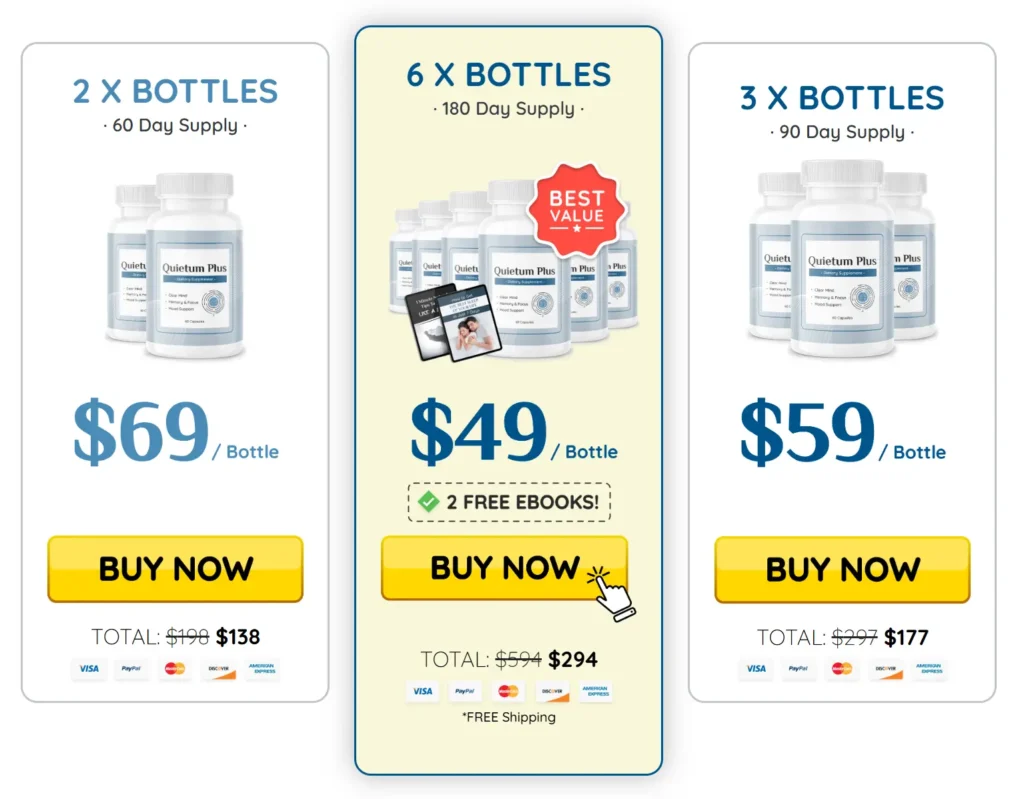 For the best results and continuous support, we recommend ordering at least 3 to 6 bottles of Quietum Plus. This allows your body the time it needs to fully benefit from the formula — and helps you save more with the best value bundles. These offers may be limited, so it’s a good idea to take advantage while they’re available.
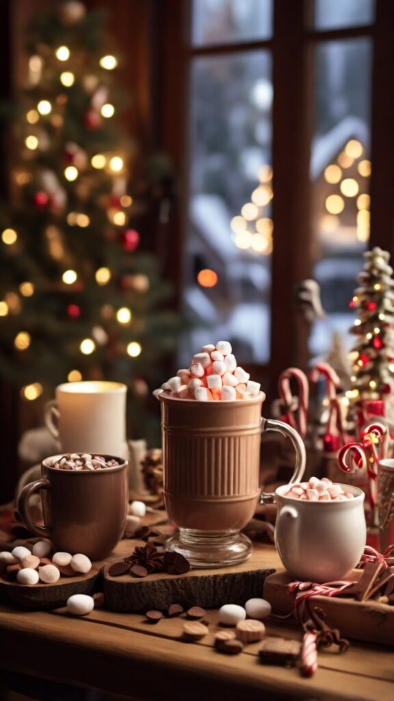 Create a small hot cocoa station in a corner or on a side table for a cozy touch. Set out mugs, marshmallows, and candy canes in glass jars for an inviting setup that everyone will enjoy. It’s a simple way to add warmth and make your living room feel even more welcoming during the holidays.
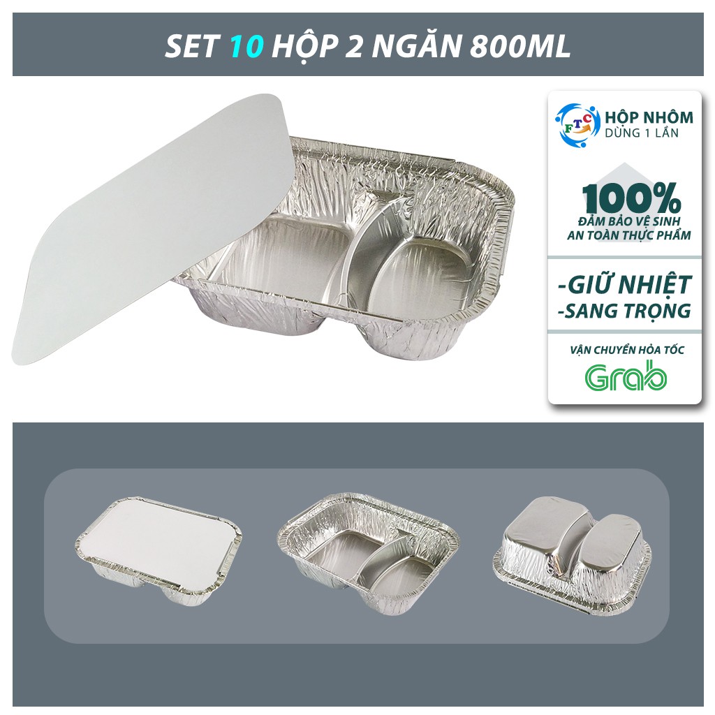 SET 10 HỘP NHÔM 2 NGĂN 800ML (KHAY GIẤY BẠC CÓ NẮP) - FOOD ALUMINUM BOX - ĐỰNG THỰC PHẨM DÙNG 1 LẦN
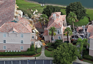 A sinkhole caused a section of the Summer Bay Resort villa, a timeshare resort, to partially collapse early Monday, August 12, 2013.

...

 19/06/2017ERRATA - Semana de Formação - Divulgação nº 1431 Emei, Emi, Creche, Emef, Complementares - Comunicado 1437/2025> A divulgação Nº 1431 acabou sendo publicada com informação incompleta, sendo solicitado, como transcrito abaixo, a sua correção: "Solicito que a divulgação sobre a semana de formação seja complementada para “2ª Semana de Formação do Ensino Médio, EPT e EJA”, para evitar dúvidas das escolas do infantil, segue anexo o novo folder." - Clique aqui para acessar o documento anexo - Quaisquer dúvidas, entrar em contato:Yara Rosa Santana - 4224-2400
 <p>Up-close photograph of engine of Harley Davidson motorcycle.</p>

* * *

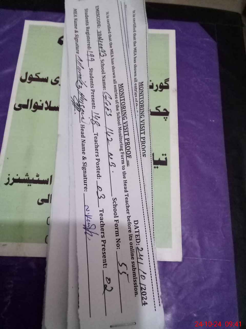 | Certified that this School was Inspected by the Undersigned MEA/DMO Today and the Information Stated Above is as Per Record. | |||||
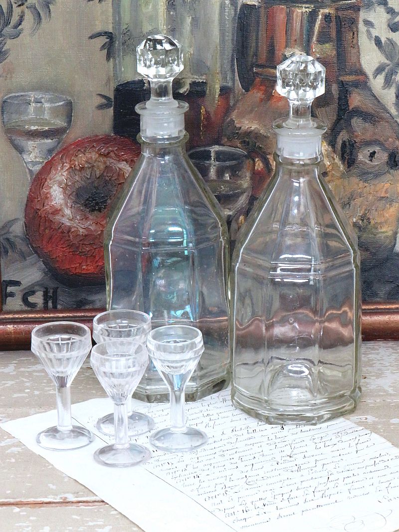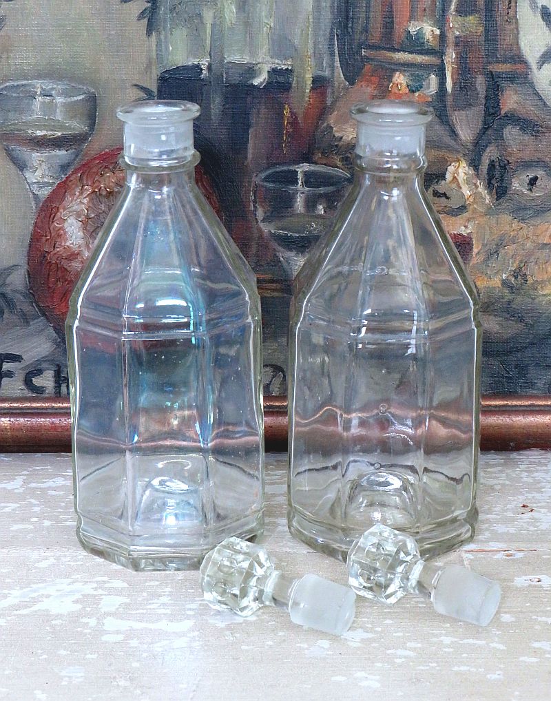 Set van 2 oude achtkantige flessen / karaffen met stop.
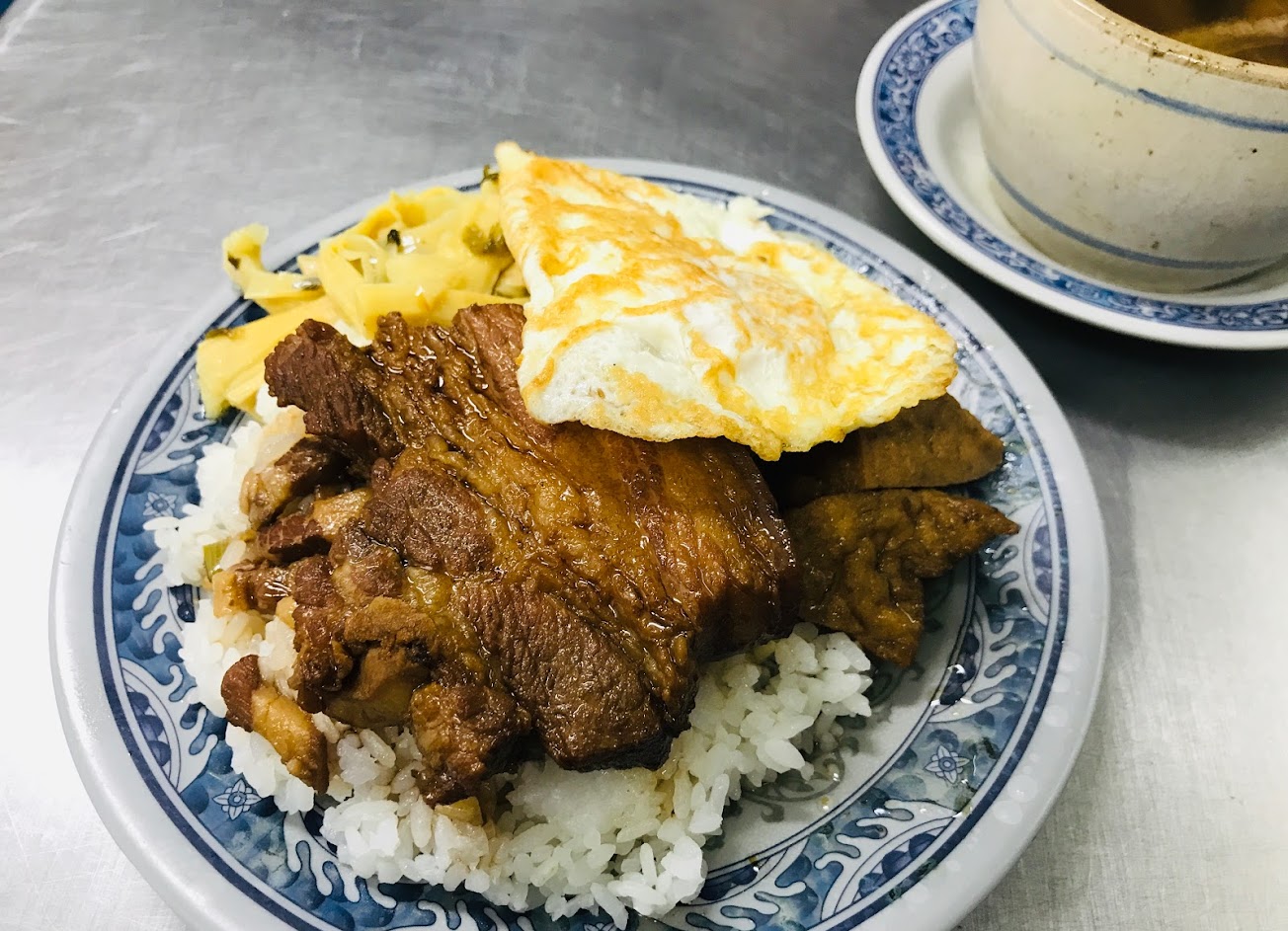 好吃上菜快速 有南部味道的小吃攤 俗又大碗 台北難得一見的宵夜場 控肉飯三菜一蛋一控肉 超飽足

Requirement
Above, find the line holding "Set van 2 oude" and the line holding "好吃上菜快速 有南部味道的小吃攤 俗又大碗". Print exactly those two lines and every line between them, but no pictures.

Your solution
 Set van 2 oude achtkantige flessen / karaffen met stop.
 好吃上菜快速 有南部味道的小吃攤 俗又大碗 台北難得一見的宵夜場 控肉飯三菜一蛋一控肉 超飽足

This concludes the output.